Para corresponder as informações da solicitação com êxito, o contexto da solicitação pode ser adicionado como um cabeçalho de resposta. E é isso que você está fazendo viaobj.http.url
Então, por que a proibição não funciona?
A razão pela qual seu ban não está funcionando é porque você não configurou obj.http.urlem seu arquivo VCL. Como resultado, o ban lurker não pode combinar nenhum objeto com ele.
Como consertar o problema
A solução é simples: defina os cabeçalhos ausentes no contexto de resposta de back-end, conforme ilustrado abaixo:
sub vcl_backend_response {
set beresp.http.url = bereq.url;
set beresp.http.host = bereq.http.host;
}
Quando o back-end responde, e logo antes de o objeto ser armazenado no cache, podemos definir os cabeçalhos ausentes.

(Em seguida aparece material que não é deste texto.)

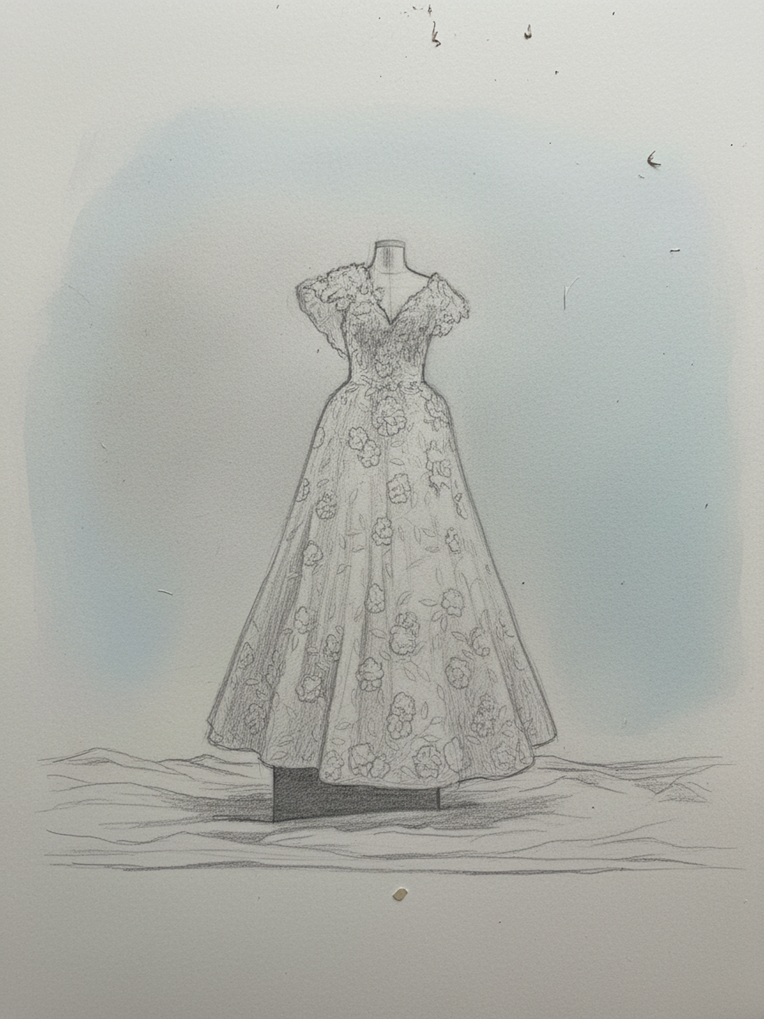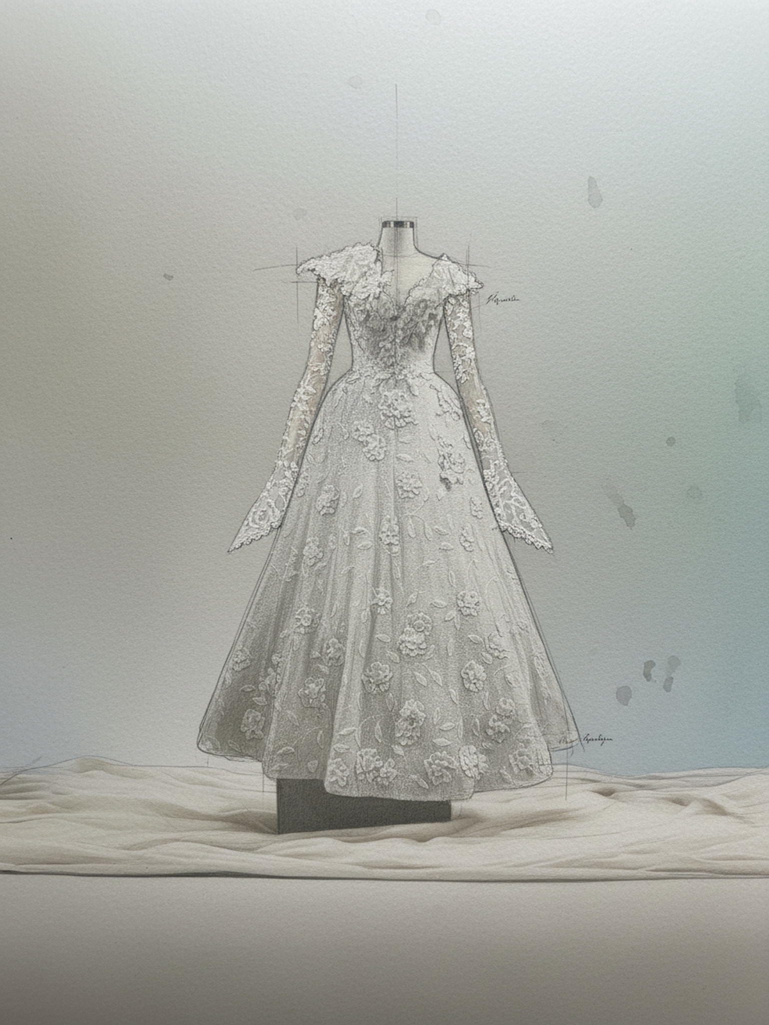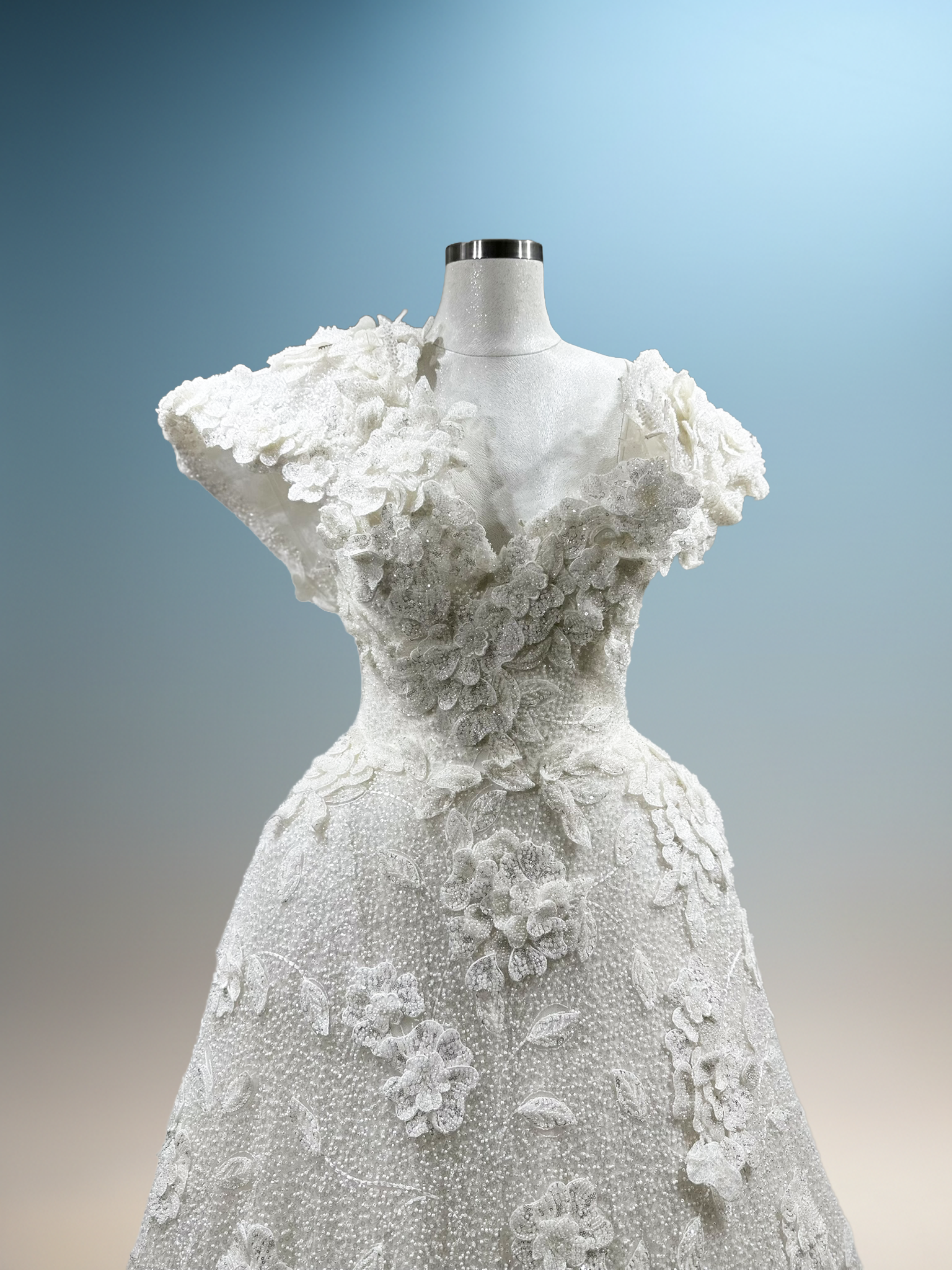 Hafif dokulu yüzeyi ve zarif çiçek aplikeleriyle bu siluet, romantik bir sadeliği çağdaş bir duruşla birleştirir. Yumuşak hacim ve dengeli form, zamansız bir couture zarafeti sunar.

Depois disso, o ban lurker será capaz de combinar a expressão de ban com os objetos certos e removê-los do cache.
Não se esqueça de que os objetos não são correspondidos imediatamente: eles só são removidos quando alcançam o ban_lurker_age, que é definido como 1 minuto por padrão.